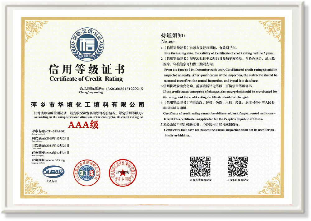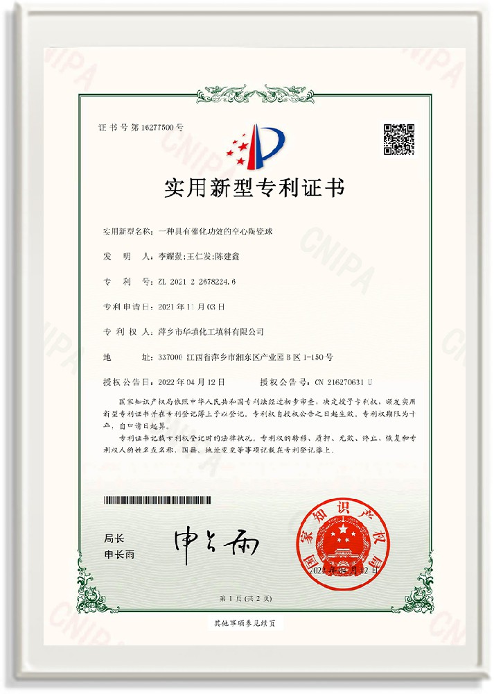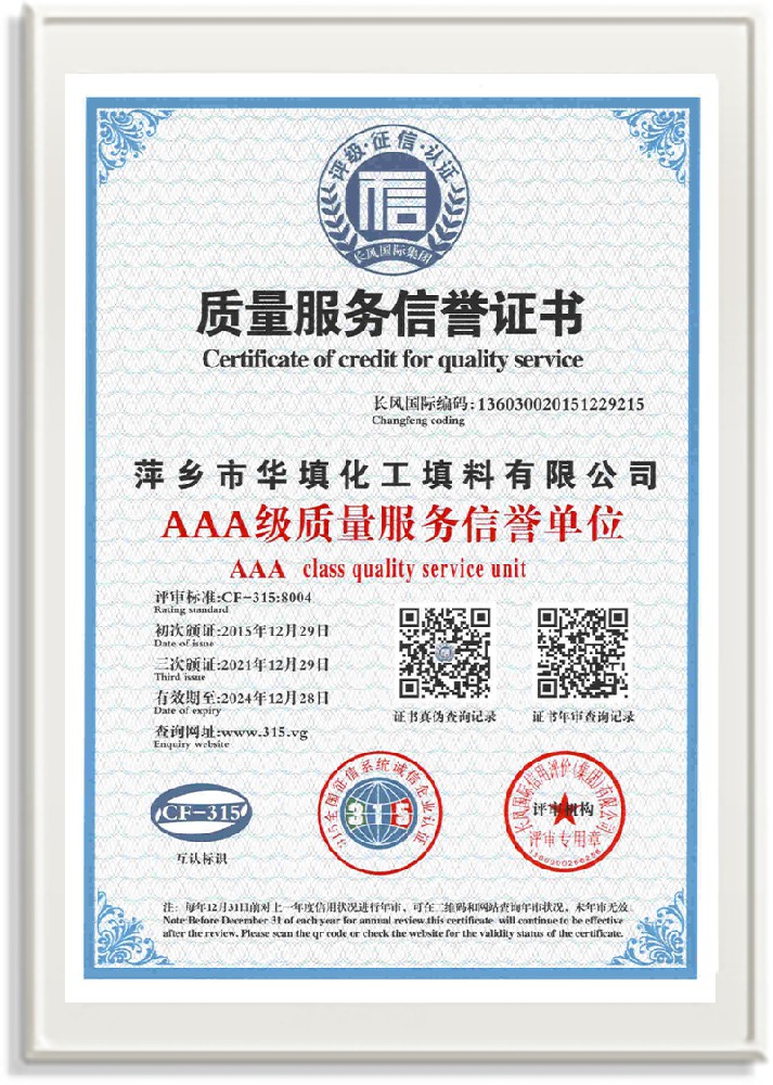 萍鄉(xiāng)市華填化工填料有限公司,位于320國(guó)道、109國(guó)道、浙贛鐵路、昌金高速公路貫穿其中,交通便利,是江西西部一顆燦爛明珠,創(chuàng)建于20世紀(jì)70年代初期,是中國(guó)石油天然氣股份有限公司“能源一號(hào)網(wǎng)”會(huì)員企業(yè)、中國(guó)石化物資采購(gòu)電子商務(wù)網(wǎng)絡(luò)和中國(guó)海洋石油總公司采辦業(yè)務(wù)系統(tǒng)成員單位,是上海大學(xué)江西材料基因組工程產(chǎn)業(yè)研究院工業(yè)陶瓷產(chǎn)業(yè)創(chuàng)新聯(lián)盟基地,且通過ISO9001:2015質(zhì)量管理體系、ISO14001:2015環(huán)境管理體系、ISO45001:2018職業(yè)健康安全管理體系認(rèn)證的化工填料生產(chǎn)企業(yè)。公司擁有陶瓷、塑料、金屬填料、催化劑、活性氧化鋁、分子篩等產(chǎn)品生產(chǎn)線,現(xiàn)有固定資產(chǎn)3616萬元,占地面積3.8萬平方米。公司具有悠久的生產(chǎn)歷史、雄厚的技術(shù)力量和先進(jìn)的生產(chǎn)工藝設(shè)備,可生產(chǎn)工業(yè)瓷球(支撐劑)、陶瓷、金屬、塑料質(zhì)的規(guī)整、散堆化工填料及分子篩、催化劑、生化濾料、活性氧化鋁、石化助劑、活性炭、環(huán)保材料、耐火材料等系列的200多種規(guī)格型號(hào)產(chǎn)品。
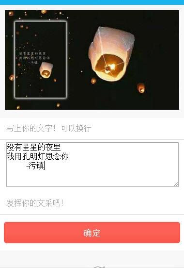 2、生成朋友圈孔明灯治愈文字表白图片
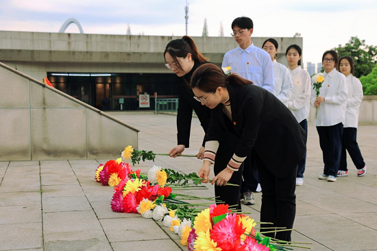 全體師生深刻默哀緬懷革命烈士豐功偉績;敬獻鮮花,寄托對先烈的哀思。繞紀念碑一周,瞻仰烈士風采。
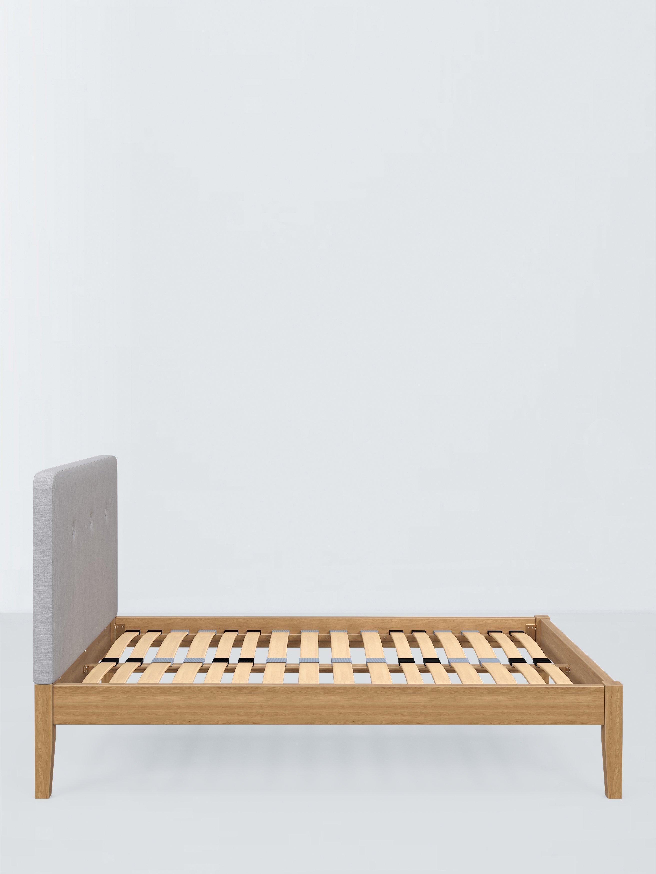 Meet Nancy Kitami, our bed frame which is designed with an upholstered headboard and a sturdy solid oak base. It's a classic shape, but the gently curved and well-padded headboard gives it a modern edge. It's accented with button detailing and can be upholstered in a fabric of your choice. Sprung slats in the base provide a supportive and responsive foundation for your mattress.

Instructions for the task:
Every line of the data above should be quoted exactly. Omit the pictures.

Completed task:
 萍鄉(xiāng)市華填化工填料有限公司,位于320國(guó)道、109國(guó)道、浙贛鐵路、昌金高速公路貫穿其中,交通便利,是江西西部一顆燦爛明珠,創(chuàng)建于20世紀(jì)70年代初期,是中國(guó)石油天然氣股份有限公司“能源一號(hào)網(wǎng)”會(huì)員企業(yè)、中國(guó)石化物資采購(gòu)電子商務(wù)網(wǎng)絡(luò)和中國(guó)海洋石油總公司采辦業(yè)務(wù)系統(tǒng)成員單位,是上海大學(xué)江西材料基因組工程產(chǎn)業(yè)研究院工業(yè)陶瓷產(chǎn)業(yè)創(chuàng)新聯(lián)盟基地,且通過ISO9001:2015質(zhì)量管理體系、ISO14001:2015環(huán)境管理體系、ISO45001:2018職業(yè)健康安全管理體系認(rèn)證的化工填料生產(chǎn)企業(yè)。公司擁有陶瓷、塑料、金屬填料、催化劑、活性氧化鋁、分子篩等產(chǎn)品生產(chǎn)線,現(xiàn)有固定資產(chǎn)3616萬元,占地面積3.8萬平方米。公司具有悠久的生產(chǎn)歷史、雄厚的技術(shù)力量和先進(jìn)的生產(chǎn)工藝設(shè)備,可生產(chǎn)工業(yè)瓷球(支撐劑)、陶瓷、金屬、塑料質(zhì)的規(guī)整、散堆化工填料及分子篩、催化劑、生化濾料、活性氧化鋁、石化助劑、活性炭、環(huán)保材料、耐火材料等系列的200多種規(guī)格型號(hào)產(chǎn)品。
 2、生成朋友圈孔明灯治愈文字表白图片
 全體師生深刻默哀緬懷革命烈士豐功偉績;敬獻鮮花,寄托對先烈的哀思。繞紀念碑一周,瞻仰烈士風采。
 Meet Nancy Kitami, our bed frame which is designed with an upholstered headboard and a sturdy solid oak base. It's a classic shape, but the gently curved and well-padded headboard gives it a modern edge. It's accented with button detailing and can be upholstered in a fabric of your choice. Sprung slats in the base provide a supportive and responsive foundation for your mattress.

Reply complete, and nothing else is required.